“What do you want?” asks Pete at the warehouse where he works, when a face from the past turns up. “To see you” replies Una (Rooney Mara), the now twentysomething woman he groomed and sexually abused when she was a child.
Pete (Ben Mendelsohn) was Ray then, when they ran away together (technically abduction would be a better word), before the court case and his jail time.
This is a film about making sense of the past, and is told in the present and via flashbacks to the abuse and subsequent trial. Una’s feelings are undeniably complex, unsurprising considering your childhood is meant to anchor you for the future but hers has cut her adrift. She knows she was groomed now, but she still clings to Pete despite her fury.
And she’s furious at him – he has been able to change his name, while for her “the only thing I didn’t lose was my name. I had to keep my name”, making her a target for victim blamers and even his ex-girlfriend months and years after the trial.
They laugh and reminisce too, about the notes she left on his car as a child to get his intention: “Your girlfriend’s got a glass eye”.
The lack of agency and control she had during the process to bring Ray to justice also feels abusive to Una, and her description of being held down so doctors could obtain medical evidence is horrifying. Later, during the trial, refused permission to give Ray a message, she tells him loudly over the courtroom video link that she loves him.
Una hasn’t been able to move on but Pete has, and doesn’t seem inclined to help her do the same. For him it’s meant a new name, new relationship, and new job, though his old attitudes remain. He’s still claiming to understand what he did wrong while excusing it as Una was special. A “special” kind of victim-blaming as she is seen as responsible for her specialness.
And there’s always a line he can draw between himself and those men who look at pictures of abused children online: “Those sick bastards, I was never one of them”. After all, he only photographed her, no-one else.
Initially she’s a hugely irritating distraction to Pete, as the company announces it’s streamlining and cutting jobs, and he needs to be at those meetings.
Despite this Una is in charge when she visits Pete, less because she knows what she wants out of their meeting than because that uncertainty makes her unpredictable. She leads the way in sex, then enquires plaintively as they lie on the warehouse floor, “am I too old?”. Of his new wife she asks him if her ageing skin turns him on.

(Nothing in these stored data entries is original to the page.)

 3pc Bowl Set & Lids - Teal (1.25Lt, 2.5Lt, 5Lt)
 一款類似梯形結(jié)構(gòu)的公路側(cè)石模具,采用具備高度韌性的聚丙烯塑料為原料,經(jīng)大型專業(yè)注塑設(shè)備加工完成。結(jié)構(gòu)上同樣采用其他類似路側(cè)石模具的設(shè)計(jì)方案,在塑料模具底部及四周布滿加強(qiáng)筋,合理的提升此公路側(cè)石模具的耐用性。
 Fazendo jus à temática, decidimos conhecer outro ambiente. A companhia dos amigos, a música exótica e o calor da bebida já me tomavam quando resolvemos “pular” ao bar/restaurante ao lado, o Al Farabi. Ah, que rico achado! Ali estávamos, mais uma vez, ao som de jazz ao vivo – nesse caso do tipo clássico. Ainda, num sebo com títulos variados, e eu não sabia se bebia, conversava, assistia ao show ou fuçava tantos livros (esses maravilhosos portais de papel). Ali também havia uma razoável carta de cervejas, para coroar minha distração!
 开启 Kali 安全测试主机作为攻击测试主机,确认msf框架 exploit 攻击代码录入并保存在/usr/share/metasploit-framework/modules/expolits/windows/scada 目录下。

A couple of scenes are almost deliberate parodies. When she first turns up he finds a room for them to talk in and wants the door left open, just as an adult speaking to a child alone might require to ensure openness and transparency, and as protection for both; but she demands it be closed.

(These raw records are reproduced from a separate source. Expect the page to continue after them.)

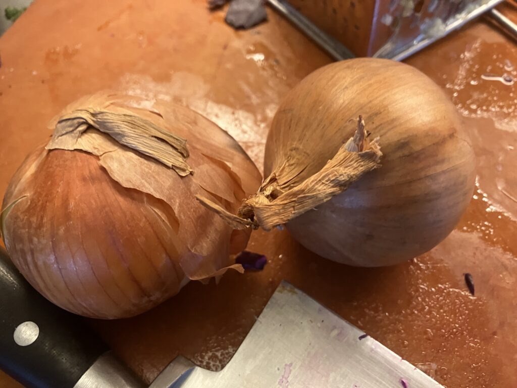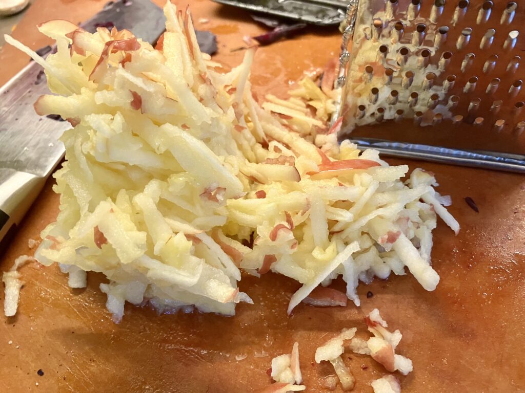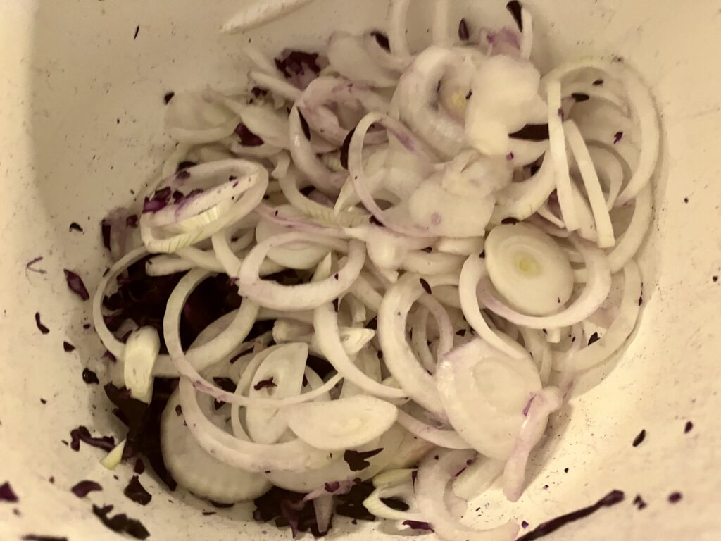 Ich habe den Rotkohl mit der Maschine gehobelt, aber sonst schneide ich den mit dem Messer
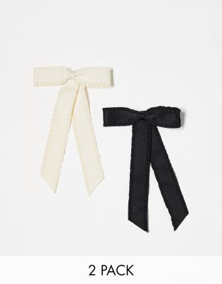 DesignB London – Zestaw 2 małych kokardek do włosów z falbanką w kolorach czarnym i kremowym
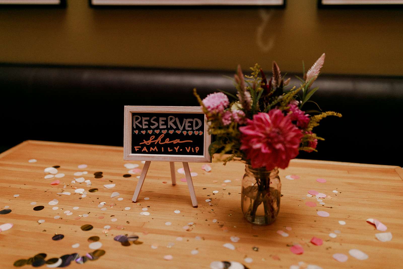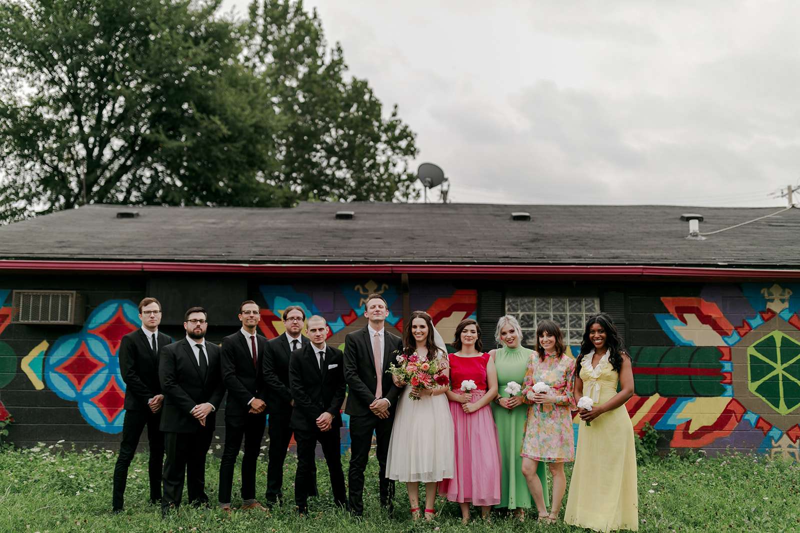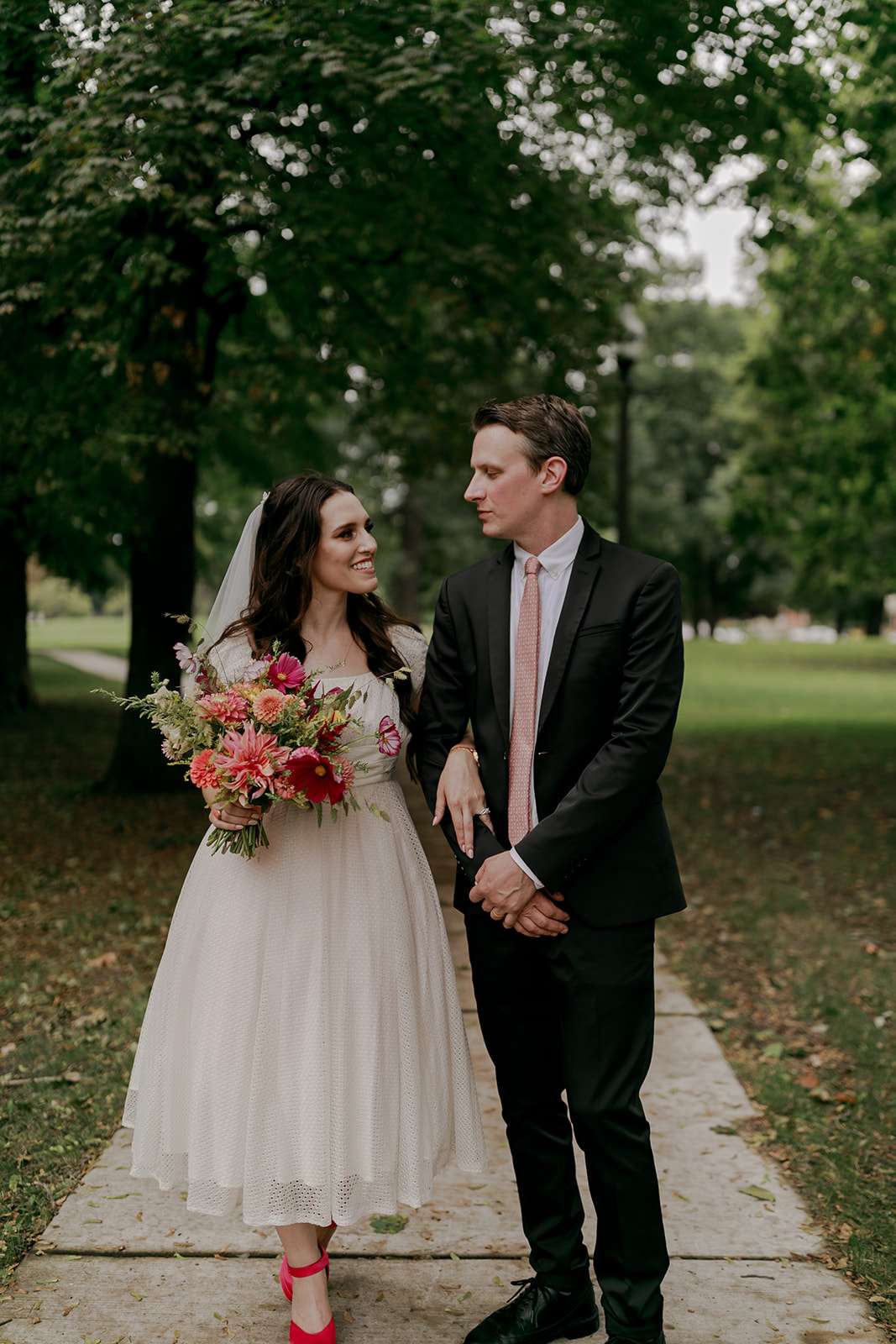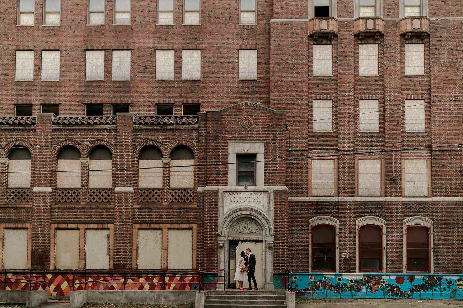 They eloped, just the two of them, and then hosted a big party reception at El Club in Detroit. “We were trying to achieve that dreamy vibe from The Virgin Suicides,” said the bride. “It definitely ended up being more vibrant, not so muted, but that was OK! We eloped at the courthouse a few days before the party which seemed like a very natural way to do it to us, but a lot of our family and co-workers were a little mystified by that plan!”

Then during a flashback to Una’s childhood she’s at the swimming pool and Ray is there. Afterwards in the changing rooms, surrounded by her friends, they ask her, giggling, about the man she was with: ‘tell us!” they cry, en masse. It reminded me of Grease where the girls at school are asking Sandy about the boy she met at the beach during the summer. But Una is a child – she describes herself as “a stupid girl with a stupid crush” – and she should have been given a safe space to learn to be a teenage girl and then a young woman, not been subject to a predator using her crush as an excuse to abuse her.

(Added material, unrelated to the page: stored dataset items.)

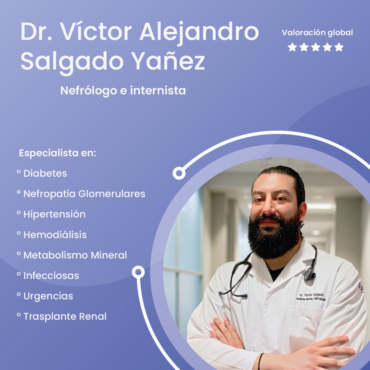 Soy el Dr. Víctor Salgado, Médico Internista y Nefrólogo. Mi compromiso es ofrecerte una atención integral, profesional y cercana. Especializado en los principales padecimientos cronicodegenerativos y en enfermedades renales, mi enfoque combina precisión diagnóstica y tratamiento eficaz. Porque tu salud merece un cuidado diferente, con experiencia y calidez. Tu bienestar es mi prioridad.
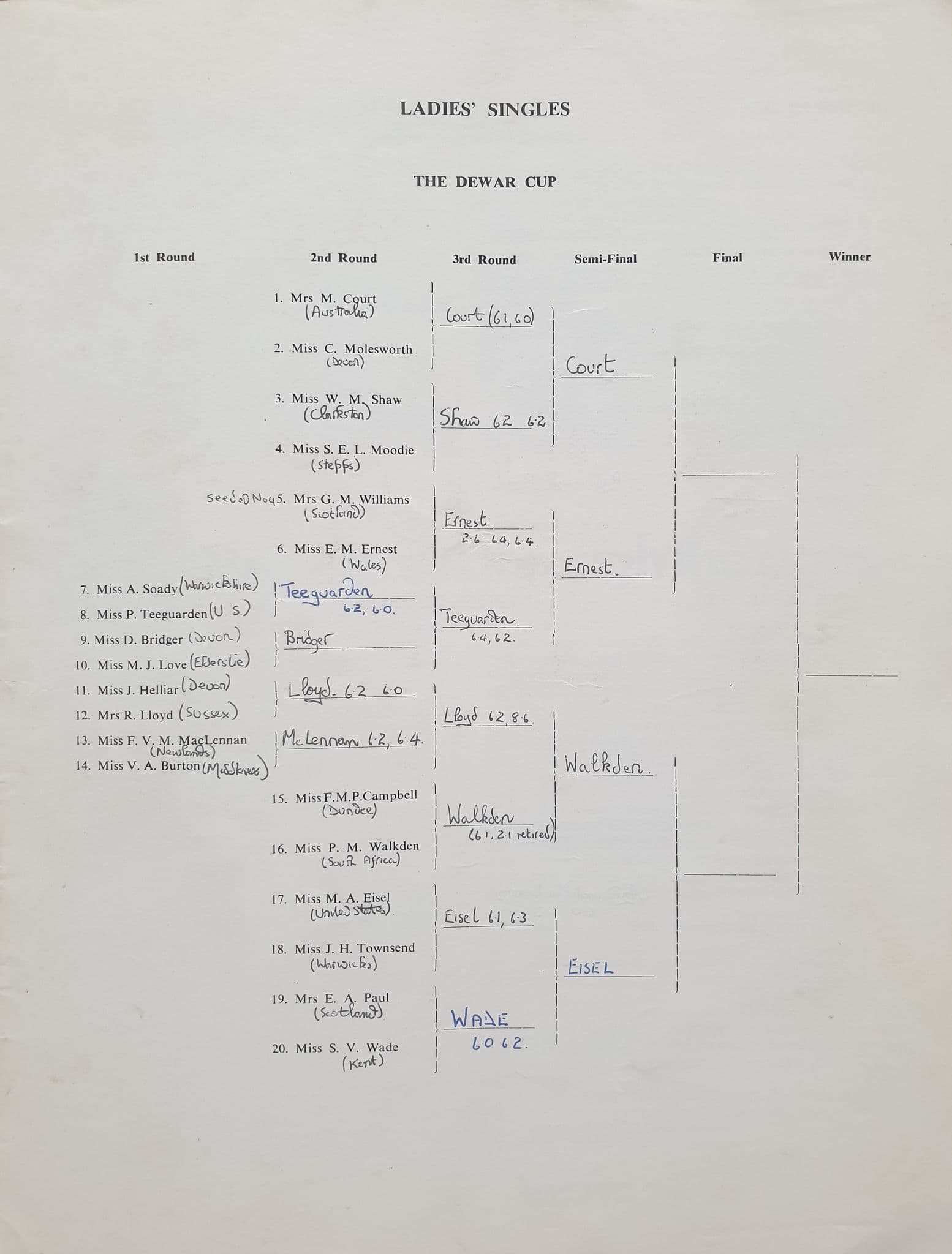 Tournament programme from 1968, and the second of six events across the UK - back in the the days when whisky and tennis could be easily linked; generally in fairly good condition, though does have some marking to the front cover, and a slight pocket fold - some results added neatly in pen to the various draws
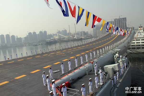 25号上午10点,“辽宁”舰交接入列仪式正式开始。中共中央总书记、国家主席、中央军委主席胡锦涛向海军接舰部队授予军旗和命名证书。中国总理温家宝宣读了党中央、国务院、中央军委的贺电。贺电指出,第一艘航空母舰顺利交接入列,对于提高我军现代化水平,促进国防科技工业技术进步和能力建设,增强国防实力和综合国力具有重大而深远的意义。
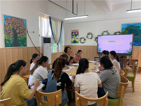 在早操观摩活动后,各年龄段的老师在赵园长和代副园长的带领下进行了早操观摩后的教研活动,赵园长提出,还可以根据实际的环境,让幼儿与环境充分互动起来。合理利用墙边的小路、台阶、长廊以及木柱等区域开展各种走跑活动。同时代副园长也提出,本次早操音乐根据幼儿年龄特点来选择,从幼儿的角度出发,选择幼儿真正喜欢的音乐,同时希望再将器械的作用发挥的更大一些。随后老师们也纷纷发表了自己对本次早操观摩的看法。

Mara, English accent included, is excellent. Una is utterly isolated and seems to exist in an almost empty world as she struggles with what he did to her.
Mendelsohn is terrific, imbuing Ray/Pete with a knowing, sly shiftiness; implying he just made a mistake and has done his time, but still making self-pitying excuses and moaning about the treatment he suffered inside, while all the time blaming Una.
Unsurprisingly this is quite a harrowing watch. Una started out as a play (Blackbird) and it’s definitely got that staged quality; the unravelling of their feelings also rather runs out of steam as it progresses. Not much is resolved either, though that’s not a criticism in itself.
The lighting is white and blue, in this warehouse at night, near-empty of people. But it doesn’t look cold or stark; functional and sparse certainly, but not chilly. It contrasts to the flashbacks of suburban home life, and the bedroom with the twin beds in the B&B they run off to.
Una’s mum Andrea is played by Tara Fitzgerald, in a small role as a woman utterly devastated by what happened. I would have liked to have heard more from her. She looks far more haggard than the time difference between now and those trial flashbacks would account for. But she’s also trying to make up for something, on the point of calling the police if her adult daughter doesn’t return: “Please come home, let me know where you are” she pleads.
And then there’s Pete’s friend and colleague Scott (Riz Ahmed), terrified he’s about to lose his job as the company rationalises, who takes Una back to his flat. The two of them later go to a party at Pete and his wife’s house, mirroring the flashback where Ray attended Una’s parents’ barbecue all those years ago.
This time it’s the end not the beginning though, and everything comes to a head, though the film finishes not with fireworks but with a slow smouldering ember.
And Pete has learned nothing, still putting himself in the position of the obsessed man in love with Una rather than an abuser: “I promise, you were the only one”.